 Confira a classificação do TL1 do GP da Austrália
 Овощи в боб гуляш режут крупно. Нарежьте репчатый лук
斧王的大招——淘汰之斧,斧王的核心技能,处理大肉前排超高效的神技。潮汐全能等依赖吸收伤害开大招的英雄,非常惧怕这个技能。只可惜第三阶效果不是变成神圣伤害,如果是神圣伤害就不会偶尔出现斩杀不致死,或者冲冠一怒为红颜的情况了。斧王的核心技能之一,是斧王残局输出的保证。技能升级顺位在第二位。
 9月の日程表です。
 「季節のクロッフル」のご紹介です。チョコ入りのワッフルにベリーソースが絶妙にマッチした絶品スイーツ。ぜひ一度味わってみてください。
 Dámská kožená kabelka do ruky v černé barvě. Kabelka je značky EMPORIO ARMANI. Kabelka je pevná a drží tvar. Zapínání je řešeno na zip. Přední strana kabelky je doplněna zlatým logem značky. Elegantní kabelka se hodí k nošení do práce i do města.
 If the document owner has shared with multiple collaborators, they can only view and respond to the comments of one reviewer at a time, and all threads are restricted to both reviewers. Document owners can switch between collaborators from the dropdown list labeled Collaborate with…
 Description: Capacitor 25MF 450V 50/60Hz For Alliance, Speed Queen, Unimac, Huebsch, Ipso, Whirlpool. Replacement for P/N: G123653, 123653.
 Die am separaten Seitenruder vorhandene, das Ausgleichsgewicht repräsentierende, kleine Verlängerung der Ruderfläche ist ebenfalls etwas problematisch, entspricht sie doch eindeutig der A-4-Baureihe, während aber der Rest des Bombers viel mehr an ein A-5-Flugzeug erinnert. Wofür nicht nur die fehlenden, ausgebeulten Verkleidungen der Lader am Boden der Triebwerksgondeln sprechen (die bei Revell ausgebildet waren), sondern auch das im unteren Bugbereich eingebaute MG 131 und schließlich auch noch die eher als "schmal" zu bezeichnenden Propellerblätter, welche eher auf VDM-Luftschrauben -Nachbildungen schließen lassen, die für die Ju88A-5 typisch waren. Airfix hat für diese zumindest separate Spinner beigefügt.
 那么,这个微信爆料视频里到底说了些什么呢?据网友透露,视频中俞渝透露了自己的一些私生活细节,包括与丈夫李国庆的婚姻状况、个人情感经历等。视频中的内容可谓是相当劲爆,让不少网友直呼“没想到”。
*-*-*
→ EXERCISE
What are the lines above, starting at the one with "Dámská kožená kabelka" and ending at the one with "Description: Capacitor 25MF"? Give them again exactly, and only them.

→ TASK SOLUTION
 Dámská kožená kabelka do ruky v černé barvě. Kabelka je značky EMPORIO ARMANI. Kabelka je pevná a drží tvar. Zapínání je řešeno na zip. Přední strana kabelky je doplněna zlatým logem značky. Elegantní kabelka se hodí k nošení do práce i do města.
 If the document owner has shared with multiple collaborators, they can only view and respond to the comments of one reviewer at a time, and all threads are restricted to both reviewers. Document owners can switch between collaborators from the dropdown list labeled Collaborate with…
 Description: Capacitor 25MF 450V 50/60Hz For Alliance, Speed Queen, Unimac, Huebsch, Ipso, Whirlpool. Replacement for P/N: G123653, 123653.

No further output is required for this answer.